Where does work product live between agent steps?
What context does each agent see, and what is it explicitly excluded from seeing?
How do agents coordinate without stepping on each other’s context windows?
What happens when an agent produces bad output or a call fails?
How is cost tracked, bounded, and controlled?

The LLM is a reasoning engine. The harness is the system that makes it useful. Every serious agent deployment is built on one explicitly designed or accidentally accumulated. The explicit version is faster, cheaper, and easier to debug.

The five components

A well-designed harness composes five concepts. Each one is a solution to a specific failure mode that emerges when you try to run agents in production.

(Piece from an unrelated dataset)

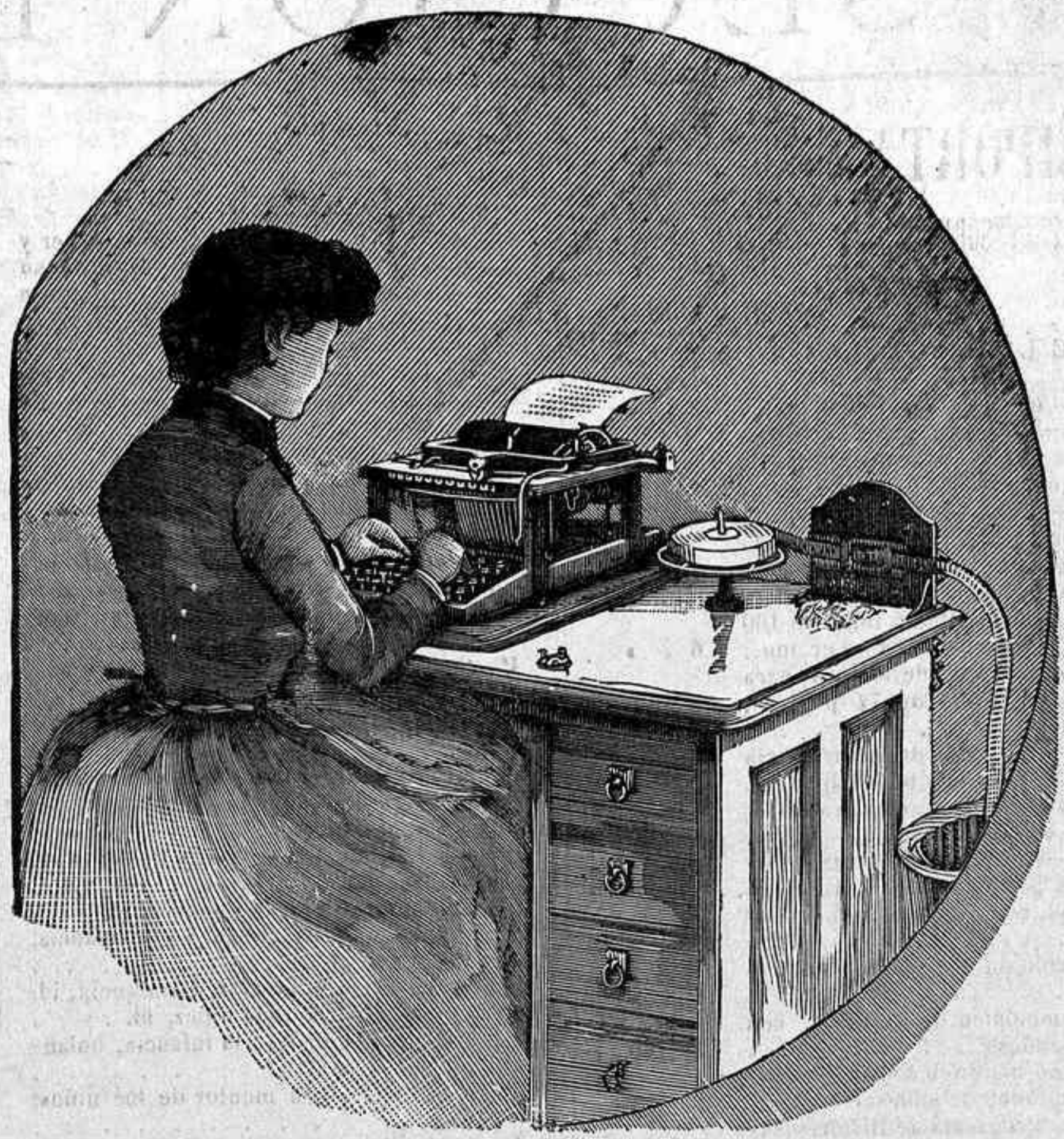
FIG. 3.ª—Perforador eléctrico.

T-O-E-D-I-T-O-R--S-C-I-E-N-T-I-F-I-C-A-M-E-R-I-C-A-N-

Agent Harness: The Five Components

The five components are:

**Orchestrator: ** reads the brief, delegates in sequence, verifies completion, reports done
**Subagents: **isolated execution contexts, each with one job and one output artifact
**Skills: ** per-agent knowledge documents that define role, output format, and rules
**Backend: **the shared virtual filesystem where agents pass work product between steps
**Context Engineering: ** the discipline of controlling what each agent sees, when, and in what order

Understanding why each component exists is more useful than memorizing the API. The design decisions that follow from understanding the why are the ones that scale.

Part 2: Backends

The backend is the state management layer of the harness. It answers the question every multi-agent system must answer: where does work product live?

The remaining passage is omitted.